DESCRIPTION OF THE TASK: There is material below. Print exactly the lines starting at the line with "Marks/GB&W Stainless Steel" and ending at the line with "ARMALIFE 6946 YAKALI", ends included, and no others.

----- MATERIAL FOR THIS TASK

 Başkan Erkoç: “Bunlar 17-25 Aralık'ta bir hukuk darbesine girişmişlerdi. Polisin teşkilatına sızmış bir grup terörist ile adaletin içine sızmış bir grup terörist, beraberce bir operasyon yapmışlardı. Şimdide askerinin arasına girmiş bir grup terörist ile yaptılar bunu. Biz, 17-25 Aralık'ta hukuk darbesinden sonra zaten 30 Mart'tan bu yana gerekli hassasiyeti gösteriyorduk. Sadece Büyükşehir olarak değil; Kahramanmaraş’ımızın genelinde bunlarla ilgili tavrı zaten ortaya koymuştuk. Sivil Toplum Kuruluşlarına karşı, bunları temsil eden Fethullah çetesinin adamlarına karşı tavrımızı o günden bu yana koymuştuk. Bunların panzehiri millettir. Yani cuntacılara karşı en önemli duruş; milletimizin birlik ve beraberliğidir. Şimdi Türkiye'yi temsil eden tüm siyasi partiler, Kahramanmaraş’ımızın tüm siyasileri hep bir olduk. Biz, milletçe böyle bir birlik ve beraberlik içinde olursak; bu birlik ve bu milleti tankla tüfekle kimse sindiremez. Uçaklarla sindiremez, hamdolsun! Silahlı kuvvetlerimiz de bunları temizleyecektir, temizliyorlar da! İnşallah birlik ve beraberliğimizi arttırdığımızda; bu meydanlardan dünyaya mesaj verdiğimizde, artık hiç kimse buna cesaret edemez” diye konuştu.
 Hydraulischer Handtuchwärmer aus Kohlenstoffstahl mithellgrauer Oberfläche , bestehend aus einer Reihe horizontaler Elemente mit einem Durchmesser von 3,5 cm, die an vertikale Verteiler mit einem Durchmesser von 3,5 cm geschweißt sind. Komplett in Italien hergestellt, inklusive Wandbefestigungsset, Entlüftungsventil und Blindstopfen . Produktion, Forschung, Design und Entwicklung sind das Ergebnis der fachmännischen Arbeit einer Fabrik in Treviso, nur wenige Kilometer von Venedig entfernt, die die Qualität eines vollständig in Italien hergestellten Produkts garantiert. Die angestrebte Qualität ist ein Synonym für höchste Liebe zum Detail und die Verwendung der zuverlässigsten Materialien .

----------
----- MATERIAL FOR THIS TASK

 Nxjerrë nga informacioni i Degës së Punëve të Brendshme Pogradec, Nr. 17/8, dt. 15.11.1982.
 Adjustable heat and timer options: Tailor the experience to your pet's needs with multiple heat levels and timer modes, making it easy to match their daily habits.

----------
----- MATERIAL FOR THIS TASK

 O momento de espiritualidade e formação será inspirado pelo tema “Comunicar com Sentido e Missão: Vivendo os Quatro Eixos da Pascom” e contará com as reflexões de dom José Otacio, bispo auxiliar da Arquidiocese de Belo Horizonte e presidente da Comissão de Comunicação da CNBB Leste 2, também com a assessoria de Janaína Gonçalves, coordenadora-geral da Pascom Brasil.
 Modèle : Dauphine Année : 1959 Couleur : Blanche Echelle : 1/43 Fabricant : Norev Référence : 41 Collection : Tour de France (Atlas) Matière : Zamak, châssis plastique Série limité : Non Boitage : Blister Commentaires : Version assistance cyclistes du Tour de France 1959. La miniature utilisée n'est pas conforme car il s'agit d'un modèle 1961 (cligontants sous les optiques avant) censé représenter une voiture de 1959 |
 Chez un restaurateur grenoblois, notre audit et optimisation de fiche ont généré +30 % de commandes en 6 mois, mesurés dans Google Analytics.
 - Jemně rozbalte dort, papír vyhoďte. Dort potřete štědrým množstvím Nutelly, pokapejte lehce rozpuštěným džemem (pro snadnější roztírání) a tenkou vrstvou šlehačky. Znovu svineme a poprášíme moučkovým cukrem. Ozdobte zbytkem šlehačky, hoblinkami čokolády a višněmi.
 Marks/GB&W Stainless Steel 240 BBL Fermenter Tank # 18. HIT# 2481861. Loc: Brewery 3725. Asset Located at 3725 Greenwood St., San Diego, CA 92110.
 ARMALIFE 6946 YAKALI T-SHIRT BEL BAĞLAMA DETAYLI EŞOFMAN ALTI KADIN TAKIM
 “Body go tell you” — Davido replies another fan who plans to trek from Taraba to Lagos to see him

----------

REPLY:
 Marks/GB&W Stainless Steel 240 BBL Fermenter Tank # 18. HIT# 2481861. Loc: Brewery 3725. Asset Located at 3725 Greenwood St., San Diego, CA 92110.
 ARMALIFE 6946 YAKALI T-SHIRT BEL BAĞLAMA DETAYLI EŞOFMAN ALTI KADIN TAKIM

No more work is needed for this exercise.